Saturday, February 25, 2006
Bloggers on the South Dakota Abortion Bill
One of the big disadvantages of being an "insider" is that one stops knowing what would strike an "outsider" in a news item. By an "insider" I mean someone who is following a field or learning about a science. After a while certain aspects of it look obvious. For example, anyone following U.S. politics expects a lot lying and corruption right now, but someone who has not been paying much attention might be struck by the latest snippet in the news and might throw a fit or two. The "insider" is missing the fits but also missing realizing that there will be fits.
All this long prelude is to explain why I didn't write passionate posts about the South Dakota decision to privilege embryos over women in health issues. I did write a post about the SD Abortion Task Force earlier on and how the evidence it debated was totally biased and how it excluded pro-choice participants because they wouldn't have "an open mind" about this evidence, and I also wrote about the general policy of getting very restrictive laws passed in several states so that there would be good test cases for the new Supreme Court with its new more wingnutty judges.

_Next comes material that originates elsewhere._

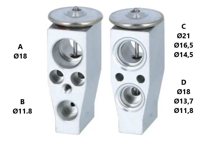 TIPO DE VALVULA: MONOBLOCK MEDIDA Ø A: 18 MEDIDA Ø B: 11,8 MEDIDA Ø C: 21//16,5//14,5 MEDIDA Ø D: 18//13,7//11,8 Aplicación: SEAT, AUDI, VW, SKODA, CUPRA, MAN

But the actual meaning of these laws to women who do not follow politics much got somehow obscured for me, and the political game aspect took over. Not that it wasn't all extremely insulting and angering: to treat women in distress as so many pawns in a power struggle does that to you, but the feelings get stale after a while. And I knew that South Dakota's law wouldn't actually do anything because Roe would override it.
So I missed the opportunity to really address the issues. Luckily, other bloggers did not. They are able to both be "insiders" and to see the angle of the "outsiders". One day I will learn this, too, but until then it's good that others are doing it so well:
Firedoglake tells us how to get active on the issue, and so does BitchPhD, though in perhaps some more cynical ways, and Digby and Lawyers, Guns and Money give more background and context. Culture Kitchen offers one upsetting image, and Pandagon addresses the pros and cons of boycotting South Dakota.
The disadvantage the pro-choice faction is laboring under is that very few people now remember the pre-Roe era personally. Very few people have personal experiences of someone bleeding to death in a hotel room, of women being kicked out of their homes for becoming pregnant, of the double-standards that let a pregnant woman be lectured at in a church while the man who got her pregnant sits smugly in the choir. All stories that I have been told by older relatives. Young women today have not heard such stories, on the whole, and they have Roe v. Wade to thank for it. But it is hard to be grateful for something you take for granted, hard to see how the world would change if Roe was no longer there to be taken for granted. Hard, but we still have to find a way to tell these stories, to make it clear what is at stake at least for the poorest women if states like South Dakota become the rule.